As I mentioned yesterday, Viropharma's compound Picovir (pleconaril) was turned down unanimously by an FDA panel. This could be the end for an interesting compound that's been kicking around for many years, going back to the days (1990 or so) when Sterling-Winthrop still existed as a drug company.
Kodak took over Sterling in 1988, looking to get into the high-margin drug industry (they already had a chemicals business, the Eastman side of things.) As it turned out, you couldn't have paid a gang of saboteurs to do a worse job running Sterling, and the whole deal was a costly disaster that lasted some six years. The pieces of Sterling were sold off (at a mighty loss) to the French firm Sanofi, among others. During the chaos, some of the Sterling people left to form Viropharma, negotiating with Sanofi for the rights to pleconaril.
It's an interesting compound, with a mechanism that (to my knowledge) isn't shared by any other antiviral candidate. It binds to a site on the surface of the virus, keeping it from infecting cells. Viropharma kept plugging away at it, trying it out for meningitis and respiratory infections, but without notable success.
The last couple of years were a particularly wild ride. If you go back and look at the stock chart, you can see a huge run-up, followed by an equally hair-frizzing decline. What happened was some media reports in December of 1999 convinced various clueless investors that VPHM had, yes, the cure for the common cold. That was indeed what Viropharma had started trying pleconaril against, the meningitis data having proven unimpressive. The compound was far from a miracle cure.

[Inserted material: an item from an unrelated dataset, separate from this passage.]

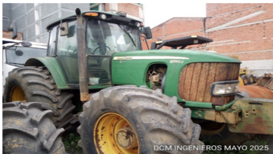
Imagen del equipo

But try telling that to the notorious stock promoter Tokyo Joe. Remember Joe? Viropharma stock was one of his calls during this period, and his people piled into it hugely, followed by a swarm of tag-along momentum players. They had a real fiesta for a while there, but NASDAQ was in all-fiesta mode back then, anyway.
Momentum investing means, of course, buying stocks just because other people are buying them. It's the Bigger-Fool theory in action, and it's always struck me as similar to the way some jackrabbits dart in front of 18-wheel trucks. (This is coming from someone who shorted Imclone at what turned out to be their low point, so I'm no stranger to risk.) In this case, the 18-wheeler appeared in the form of new clinical data showing that pleconaril wasn't particularly effective against colds, which led to the roll-off-the-table section of the stock chart.

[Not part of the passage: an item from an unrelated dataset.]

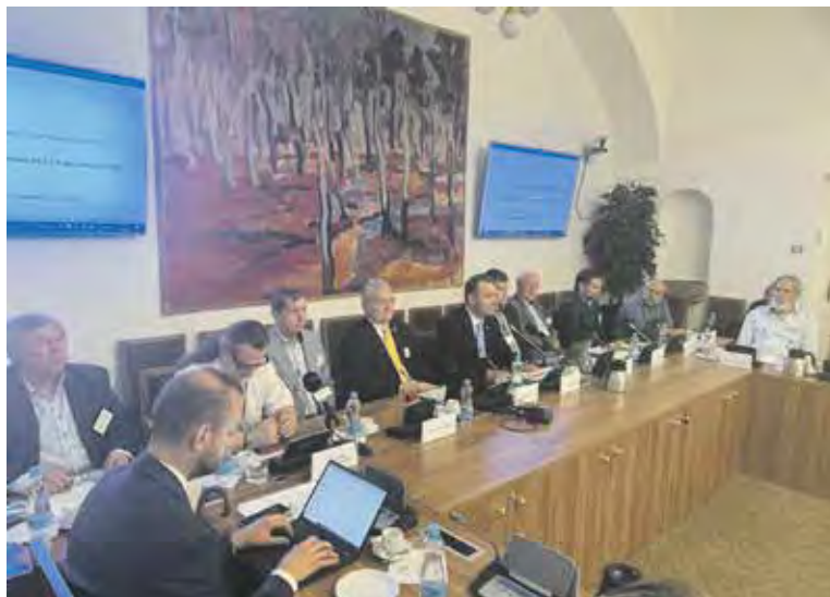
O SETKÁNÍ s odborníky a politiky byl velký zájem.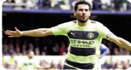
جديد يلبي رغبات غوندوغان وشروطه الختلفة. ويبينت الصحيفة أن العرض الجديد من مانشستر سيتي سيكون أعلى من عام 2021.

كشفت صحيفة "ستداي تايمز" البريطانية الأحد، أن الدولي الألماني إيلكاي غوندوغان يتجه للبقاء ضمن صفوف فريقه مانشستر سيتي بطل الدوري الإنجليزي، وتجاهل عرض برشلونة بطل الدوري الإسباني، من أجل حصوله على خدماته.

I'm happy to say that I was short VPHM when that happened. Of course, I'd shorted them at about 50 and promptly watched the stock jump like it had been hit with a cattle prod, right up over 100, and mighty quickly, too. Swallowing hard, I shorted some more. I just couldn't see the drug working that well based on the clinical data the company had already shown. Meanwhile, Tokyo Joe's people on the stock message boards were already making VPHM out to be the next Pfizer. That's a quote from some guy - another table-pounder kept going on about how you'd have liked to have bought into penicillin in 1940, wouldn't you? Right? Here's the chance of a lifetime, again! Some other maniac saw the compound as basically the savior of the human race. Then the bad news hit. I'd like to have a videotape of me trying to dial my broker right after I saw the stock quote that morning (down 43 5/8 or something like that.) I kept missing the buttons on my phone; it took three tries before I successfully dialed my broker to take my profits.
The data that came out of those studies helped keep the compound from being recommended yesterday. Pleconaril, taken three times a day, starting very early in the course of a cold, reduces the duration of cold symptoms by a day or two. And that's about it, and that's just not enough. That's an awful lot of drug to load your system with for a relatively minor disease, and it would presumably involve spending a fair amount of money that an HMO might not be keen on reimbursing.
Viropharma kept making their case, of course. One point was that dosing with the drug reduced what's descriptively called "virus shedding," which could make you less infectious to others. To the best of my knowledge, no clinical data was ever collected to put that idea to the test, though. They got a big company to buy into the compound, namely Aventis (known to longtime pharmaceutical people by its heritage, as Hoechst-Marion-Merrel Dow-Roussel-Rhone-Poulenc-Rohrer, which sounds like a white-shoe law firm.)
But, in the end, the combination of lackluster efficacy with some extra safety concerns (possible interactions with the menstrual cycle in a few women, for example) doomed the compound. The effects they saw would have meant nothing for a compound that treated, say, pancreatic cancer, which is otherwise a death sentence. But for a cold?
To their credit, you can see that Viropharma realized all this. That's why they started trials on viral meningitis. When that didn't work out, they went to serious respiratory infections. No dice. Finally, they were left with colds. They did the best with what they had, but it wasn't enough.